[Opening Data block section]

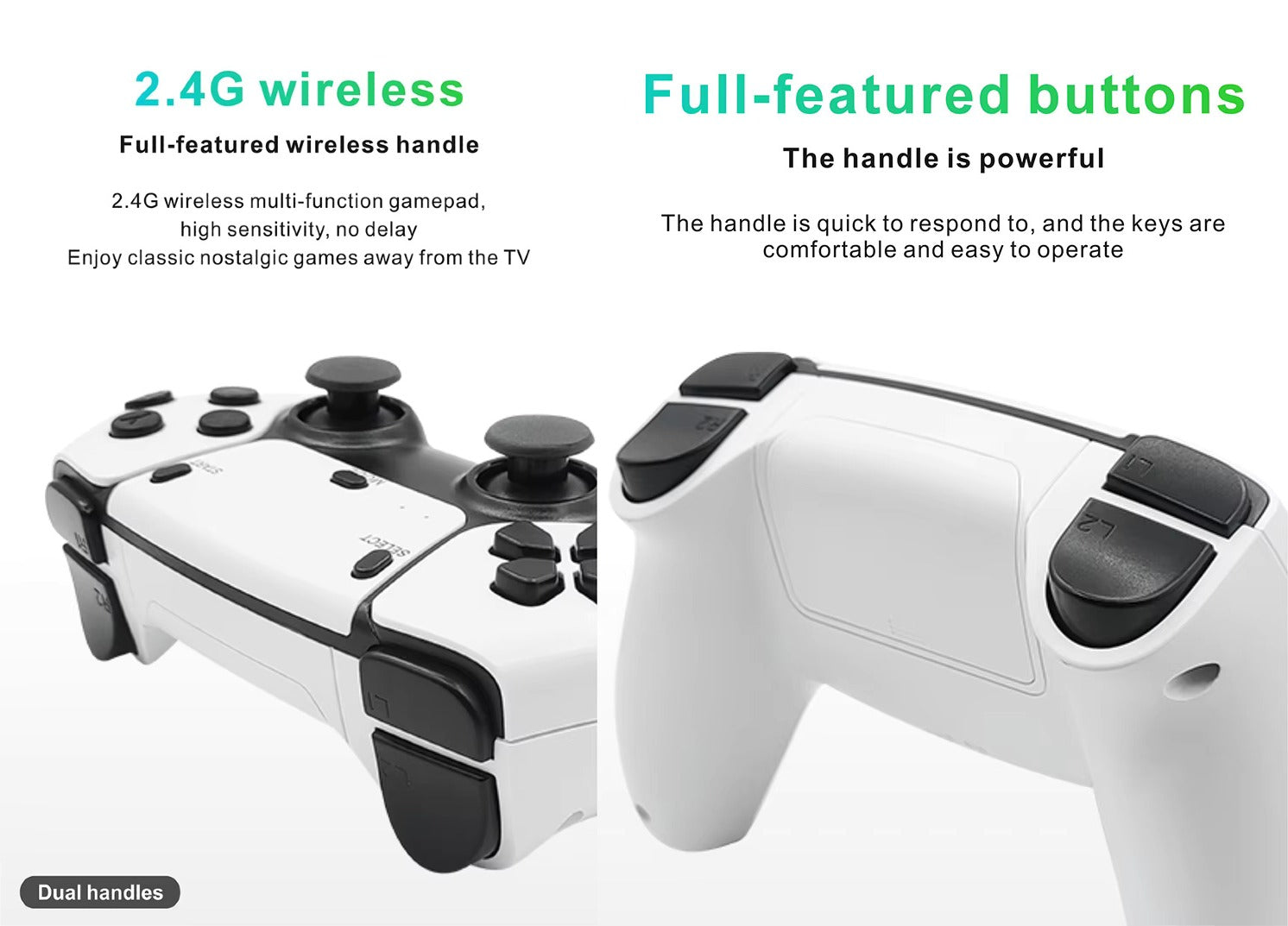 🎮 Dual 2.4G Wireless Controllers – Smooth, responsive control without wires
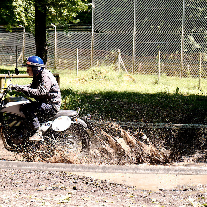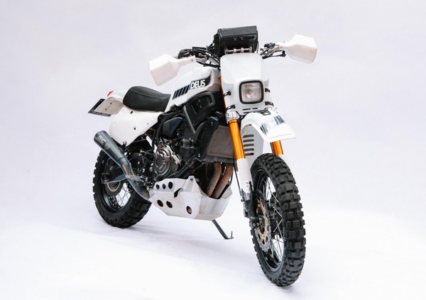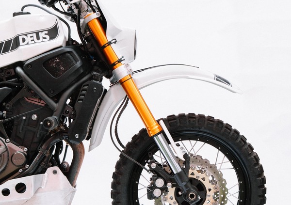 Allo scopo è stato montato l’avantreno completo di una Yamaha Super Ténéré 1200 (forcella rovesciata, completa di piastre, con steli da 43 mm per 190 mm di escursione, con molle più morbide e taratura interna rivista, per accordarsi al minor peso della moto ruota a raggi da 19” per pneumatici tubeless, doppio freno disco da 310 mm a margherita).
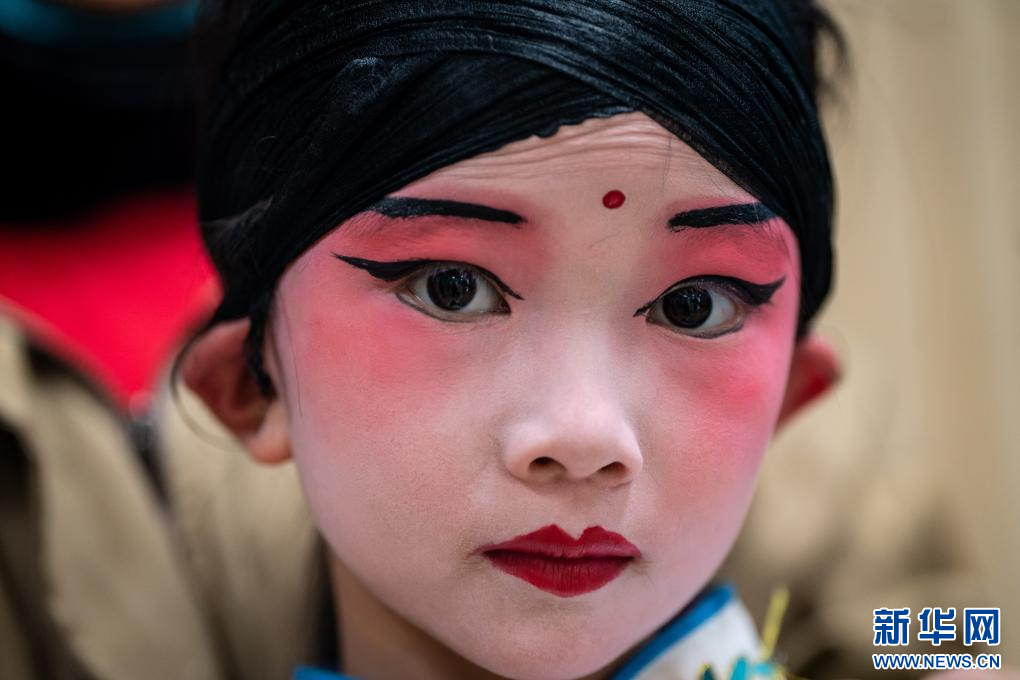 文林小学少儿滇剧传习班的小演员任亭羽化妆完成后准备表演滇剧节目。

[Closing Data block section]

| Activity |
Whenever you reach a picture, pass over it; print all the other material exactly.

| Your response |
 🎮 Dual 2.4G Wireless Controllers – Smooth, responsive control without wires
 Allo scopo è stato montato l’avantreno completo di una Yamaha Super Ténéré 1200 (forcella rovesciata, completa di piastre, con steli da 43 mm per 190 mm di escursione, con molle più morbide e taratura interna rivista, per accordarsi al minor peso della moto ruota a raggi da 19” per pneumatici tubeless, doppio freno disco da 310 mm a margherita).
 文林小学少儿滇剧传习班的小演员任亭羽化妆完成后准备表演滇剧节目。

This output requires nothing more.